Cornelis Networks delivers high-performance scale-out networking solutions for AI and HPC datacenters. They are seeking a Senior Network Linux Kernel Engineer to design, develop, and optimize the software stack for their innovative AI networking fabric, collaborating with industry experts to enhance high-performance networking solutions.
Responsibilities:
- Design and develop high-performance kernel drivers and user-space libraries for our networking hardware
- Build and optimize networking protocols at L2 (Ethernet), L3 (IP), and L4 (TCP/UDP) layers, tailored for AI/ML workloads
- Conduct deep-dive performance analysis and software optimization across the entire stack, identifying and eliminating bottlenecks
- Collaborate with the hardware team to influence ASIC design and ensure software/hardware co-design principles are met
- Develop robust testing, validation, and debugging tools for our networking stack
- Contribute to a culture of technical excellence, continuous improvement, and collaborative problem-solving
Requirements:
- Bachelor's or Master's degree in Computer Science, Computer Engineering, or a related field
- Proven experience in low-level systems programming with C/C++
- Strong understanding of Linux kernel driver development and internal architecture
- Deep knowledge of networking fundamentals and L2, L3, and L4 protocols
- Demonstrated experience in software optimization, profiling, and performance tuning
- A self-motivated and proactive mindset with a strong sense of ownership and the ability to work effectively in a dynamic, fast-paced startup culture
- Excellent teamwork and communication skills
- Working knowledge of BSD kernel internals (e.g., FreeBSD), including networking and driver subsystems, or prior experience developing or debugging kernel-level code on BSD-based systems
- Hands-on experience with DPDK or similar user-space networking frameworks (e.g., VPP, XDP)
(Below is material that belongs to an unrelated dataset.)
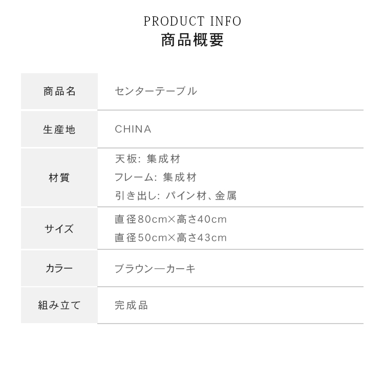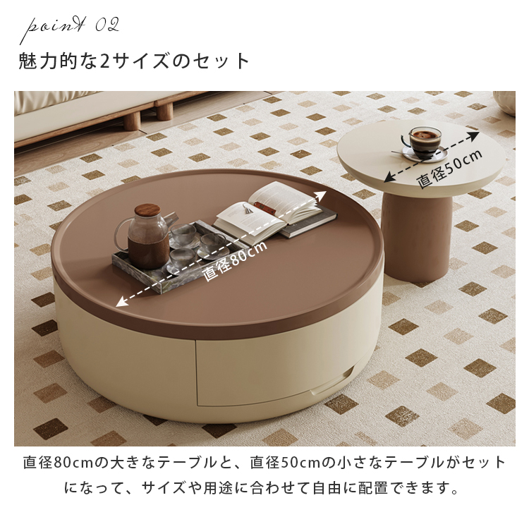 | サイズ |   直径80cm×高さ40cm 直径50cm×高さ43cm  |  ||

- Experience developing software for high-performance NICs or SmartNICs
- Understanding of the networking requirements of distributed AI/ML training workloads (e.g., NCCL, MPI)
- Familiarity with RoCE (RDMA over Converged Ethernet) or other RDMA protocols
- Experience working with Ethernet/Switch ASICs or network processor silicon (e.g., Broadcom, Marvell, NVIDIA, Intel)